You can't vet an online retailer that isn't even in your state, they can have the nicest website and their fish keeping is tick poor.
You absolutely can vet online retailers, whether of fish or anything else. You ask people who have purchased from them and get some rough statistics on how many bad experiences there are out there. You look into their business model in general -- low price leader or aiming for high quality? Run by anonymous people who don't care, or by someone in the hobby who you've seen and even talked to here and other online venues? And so on.
I think your missing the point (or own a lack luster shop)
I don't own an LFS, and I'm not missing the point -- I'm tracking changes I've seen over decades. Over the last 30 years I've been in it, the hobby has changed, a lot. The decline of local independent shops is nothing new, and is the entirely unexpected effect of a massive market shift that started with Dr Foster and Smith in the mid 1980s (remember the mailed catalogues?), and to some extent the crown prince of the race to the bottom, PetSmart. There's really no way local shops with all the financial outlay that entails can compete with the market that now gives me access to every single online retailer. A local shop is competing with scores of online vendors that don't have to have a nice storefront with customer restrooms and clean floors and displays of every food and additive anyone could want and employees that not only know their stuff but have some minimal customer service skills and open seven days a week. A local shop isn't competing with all the other local shops, it is competing with every online retailer in the US. And all those ship right to my door, for like $30, and I can shop at home with a beverage in hand at midnight.

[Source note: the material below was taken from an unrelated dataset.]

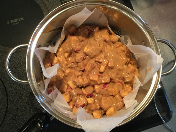 5.蒸し器にキッチンペーパーを敷いて、一気に流し入れ、蓋をして30分間蒸します。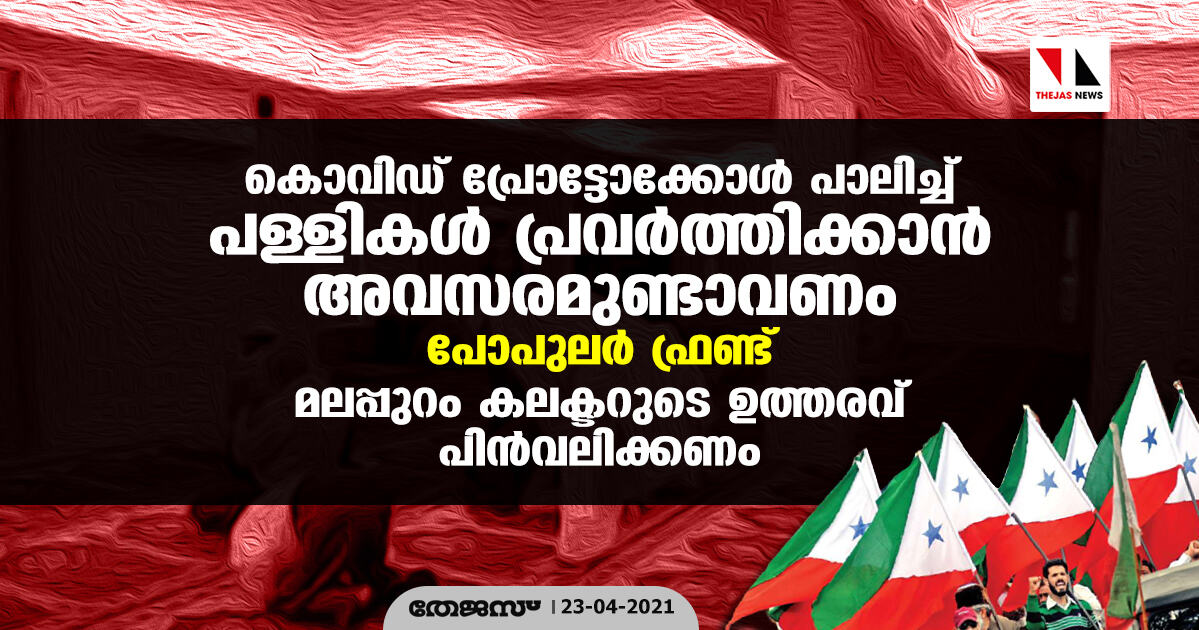 കൊവിഡ് പ്രോട്ടോക്കോള് പാലിച്ച് പള്ളികള് പ്രവര്ത്തിക്കാന് അവസരമുണ്ടാവണം: പോപുലര് ഫ്രണ്ട്

A person might as well suggest that the reason that almost all the malls went under is because they had "poor ownership". That shift (away from brick and mortar local clothing, accessories and electronics shops) was the effect of online retailers. Was Blockbuster poorly run, or did Netflix figure out online video distribution? Did local newspapers all suck, or did online news distribution simply push them out? Were the incredible multitude of various mom and pop stores all poorly run, or did Walmart and then
Amazon beat them into submission? Why were all these poorly run stores doing just fine until the technology was mature enough for the online shopping revolution? That those two things are just a concidence would be unbelievable on the order of 'must have been space aliens'.
The sorts of shops you're likely thinking of have been tried. Saltwater Empire in Minneapolis was like this; they lasted, what, five years before it just wasn't worth the effort. There were a couple in Chicago that I don't recall the names of, same deal. They were absolutely not poorly run shops. There just isn't the right market structure to make doing it right a reliably profitable venture.